Every year, John Brockman asks his braintrust at The Edge a thought-provoking question and compiles their answers. This year’s question has just been released: What scientific idea is ready for retirement?
I *loved* Richard Dawkins‘ answer: Essentialism. The idea that there’s an “ideal” human and cat and dog. It’s an idea, Dawkins says, that has no scientific basis and that has impeded our understanding of evolution:
… If, like Aristotle, you treat all flesh-and-blood rabbits as imperfect approximations to an ideal Platonic rabbit, it won’t occur to you that rabbits might have evolved from a non-rabbit ancestor, and might evolve into a non-rabbit descendant…

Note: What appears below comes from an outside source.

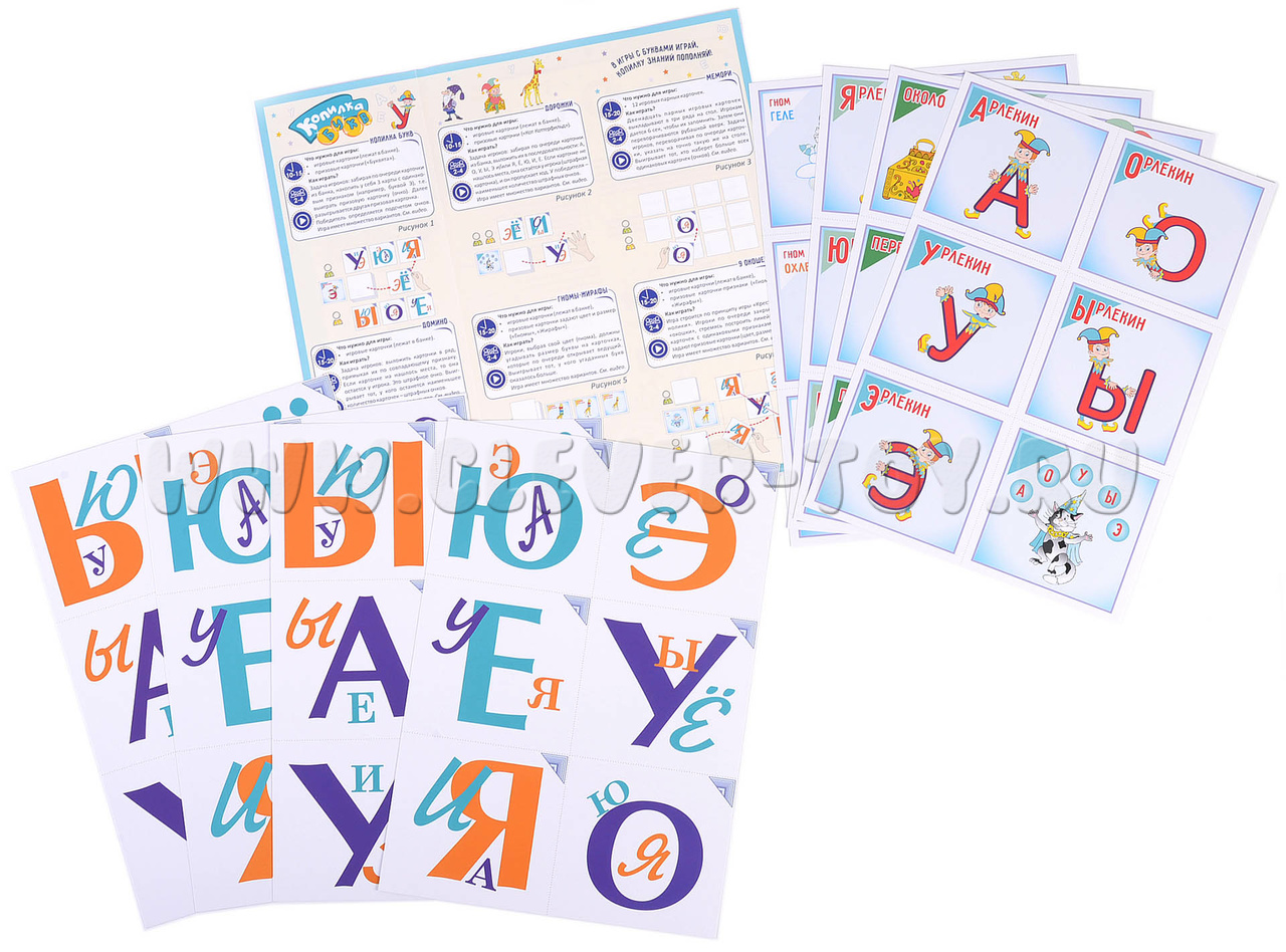 Цель всех игр – поиск букв с заданными отличительными признаками. Дополнительные опции в виде призовых карточек позволяют придумывать множество игр.

… Creationists are misguidedly fond of citing “gaps” as embarrassing for evolutionists, but gaps are a fortuitous boon for taxonomists who, with good reason, want to give species discrete names. Quarrelling about whether a fossil is “really” Australopithecus or Homo is like quarrelling over whether George should be called “tall”. He’s five foot ten, doesn’t that tell you what you need to know?
He even extends his point to embryos (and when someone is brain-dead and poverty and the Electoral College):
At what moment during development does an embryo become a “person”? Only a mind infected with essentialism would ask such questions. An embryo develops gradually from single-celled zygote to newborn baby, and there’s no one instant when “personhood” should be deemed to have arrived. The world is divided into those who get this truth and those who wail, “But there has to be some moment when the fetus becomes human.” No, there really doesn’t, any more than there has to be a day when a middle aged person becomes old.
This is the kind of writing where Dawkins is at his best, when he’s explaining science to people who may not think about it on a regular basis, leaving very little room for argument. When people rebut the science in an essay like this, they just come off looking like morons. It’s the kind of writing that drew me into his work in the first place (reaching its pinnacle with this book).
Probably because I’m an atheist who deals with the topic daily, his writing about religion doesn’t give me too much to think about. In fact, despite the influence he’s had with The God Delusion, there’s a selfish part of me that wishes he would stick to writing more books and articles about science, since they’ve taught me so much.